= Beginning of Section =

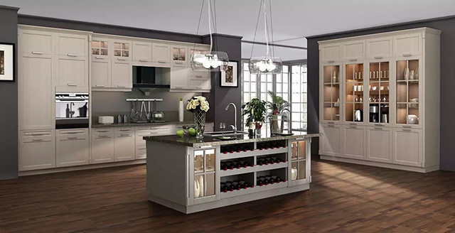 以艾米麗的名字命名這套櫥柜,整體套型柔美,弧形的線條元素設計,搭配專配的頂線以及羅馬柱,顯的輕柔靈動。
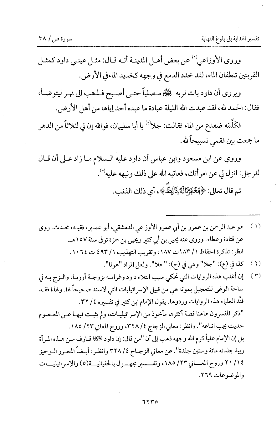 وروي عن ابن مسعود وابن عباس أن داود عليه السلام ما زاد على أن قال للرجل: انزل لي عن امرأتك، فعاتبه الله على ذلك ونبهه عليه.
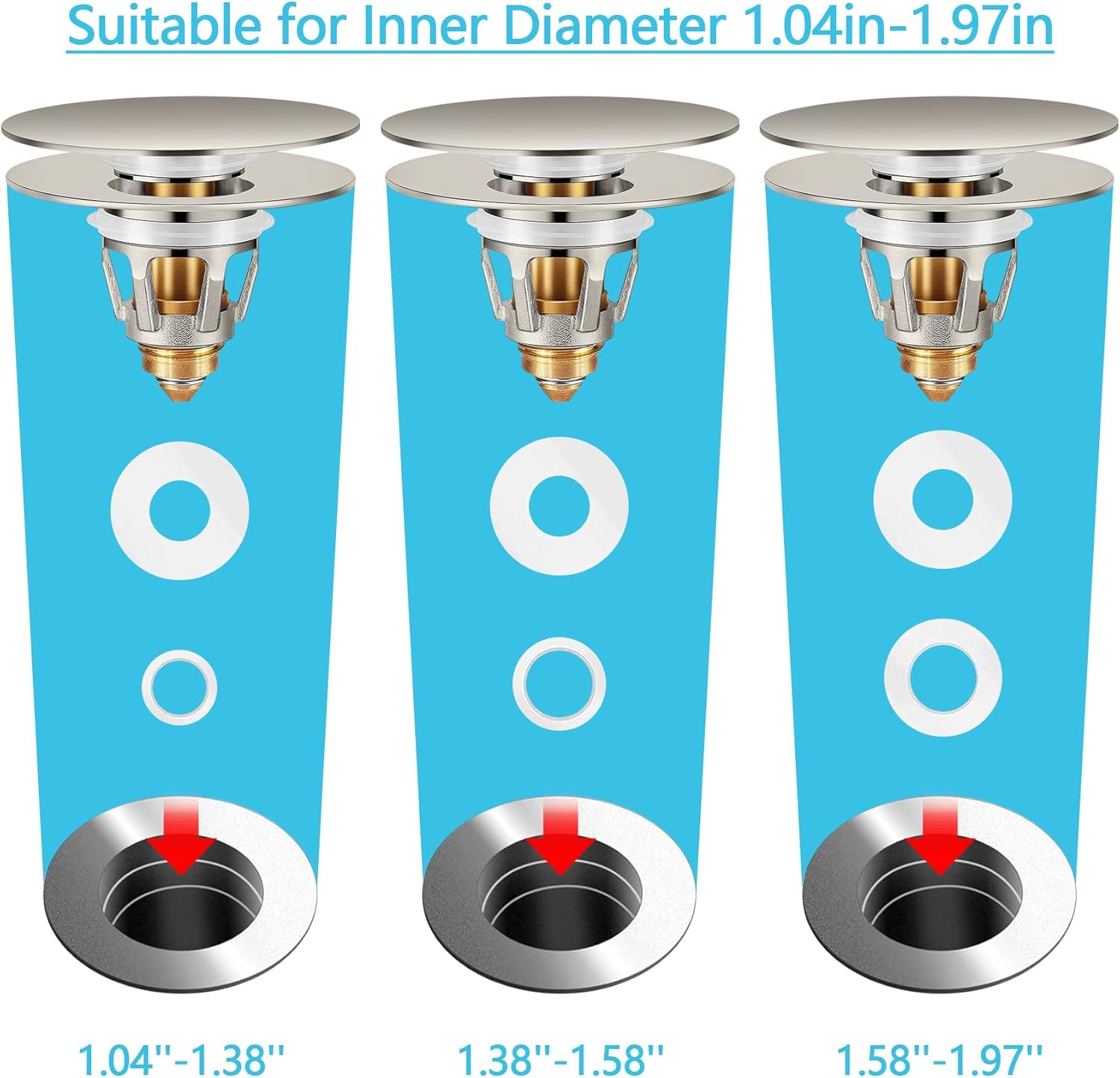- [ Easy to Install ] No tools are needed, it can be installed easily with bare hands. You just take out the old bounce core and install a new bounce core. Anyone can install the pop-up drain because of its simple structure. If you want to use it for a larger sink hole diameter, you can use the rubber ring we included to increase the inner diameter of the sink plug.
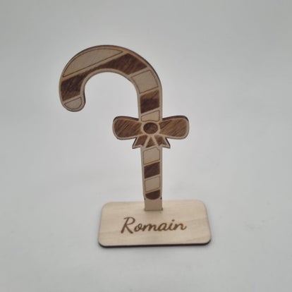 Marques-places en bois découpé au laser, personnalisables avec prénom – spécial Noël.
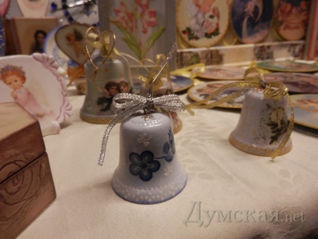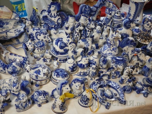 Привлекает внимание стенд с русской гжелью. Самая маленький керамический шедевр стоит 80 грн.
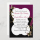 Moderne schauende Hochzeitseinladung erfolgt im Schwarzen und in Burgunder mit einem dekorativen herausgeschnittenen weißen Textbereich. Reben und Schmetterlinge verzieren die äußeren Ränder dieser eleganten Einladung. Fertigen Sie den Text in der Schriftartart, -größe und -farben zum Anzug Ihr Bedarf besonders an.
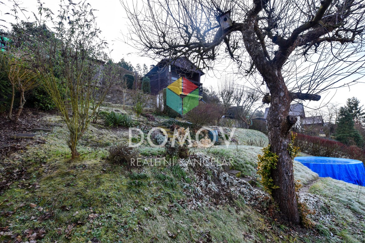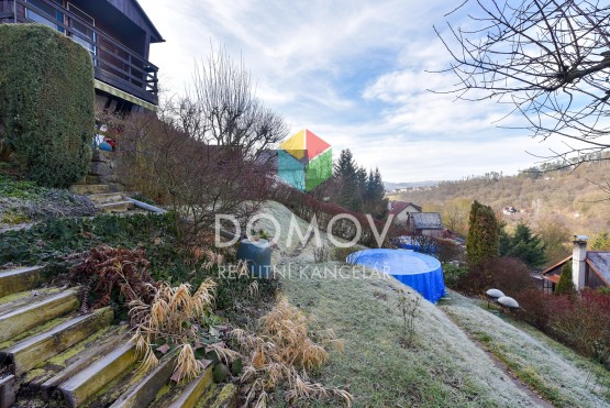 Pozemek je rozdělen zídkami do několika úrovní - s posezením, záhony a bazénem. Stojí zde domek na nářadí a kůlna, k dispozici je venkovní krb s vydlážděnou plochou na posezení.
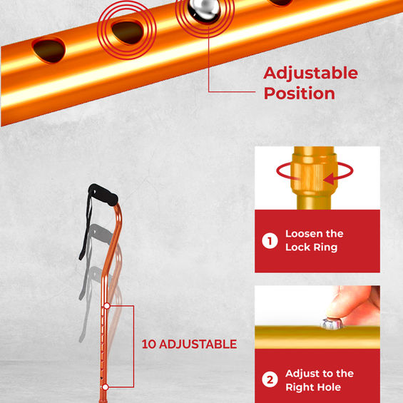 The BMate Aluminum Quad Cane provides a customized fit with 10 adjustable height positions. This allows users to achieve optimal comfort and support, ensuring proper posture and maximizing balance
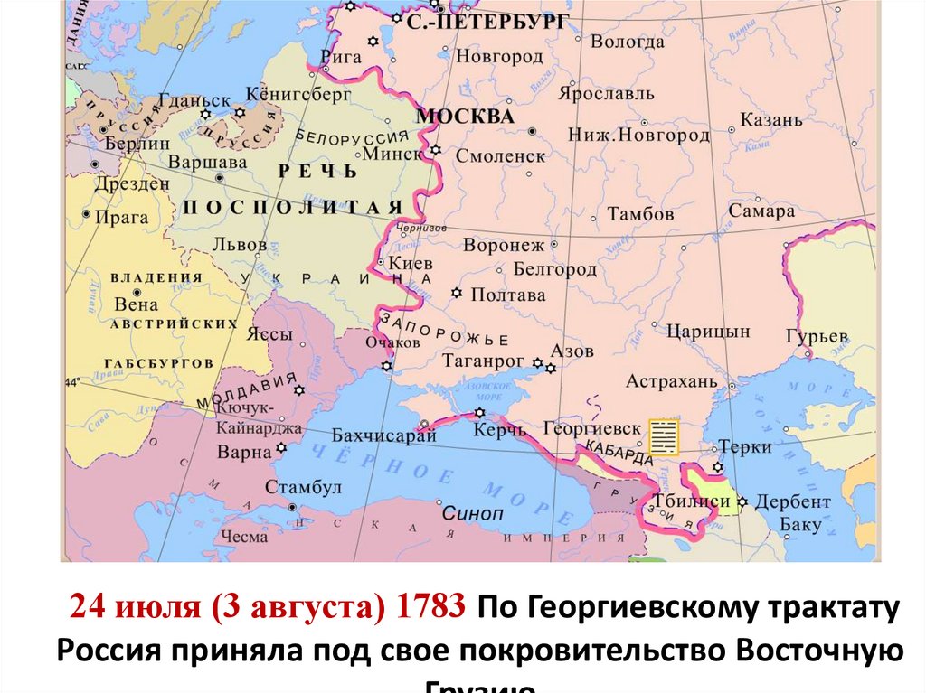 24 июля (3 августа) 1783 По Георгиевскому трактатуРоссия приняла под свое покровительство Восточную
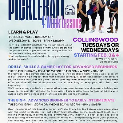 Over the course of this 4-week program, we’ll dial in one key Big 4 stroke each week—along with the smart strategies that make them truly effective on the court. We’ll break down dinking (technique, movement, and communication), master 3rd-shot drops and drives while learning how to confidently transition to the NVZ, sharpen volley skills (rolls, punches, and blocks), and fine-tune serve and return with a focus on purpose, positioning, placement, and tactical decision-making. This program is perfect for those who can already execute these shots consistently and are ready to take them to the next level.

= End of Section =

* **Aim of the task**: Among the entries above, find the line with "Привлекает внимание стенд" and repeat exactly from there through the line with "24 июля (3 августа)", leaving out the pictures.

* **Written answer**:
 Привлекает внимание стенд с русской гжелью. Самая маленький керамический шедевр стоит 80 грн.
 Moderne schauende Hochzeitseinladung erfolgt im Schwarzen und in Burgunder mit einem dekorativen herausgeschnittenen weißen Textbereich. Reben und Schmetterlinge verzieren die äußeren Ränder dieser eleganten Einladung. Fertigen Sie den Text in der Schriftartart, -größe und -farben zum Anzug Ihr Bedarf besonders an.
 Pozemek je rozdělen zídkami do několika úrovní - s posezením, záhony a bazénem. Stojí zde domek na nářadí a kůlna, k dispozici je venkovní krb s vydlážděnou plochou na posezení.
 The BMate Aluminum Quad Cane provides a customized fit with 10 adjustable height positions. This allows users to achieve optimal comfort and support, ensuring proper posture and maximizing balance
 24 июля (3 августа) 1783 По Георгиевскому трактатуРоссия приняла под свое покровительство Восточную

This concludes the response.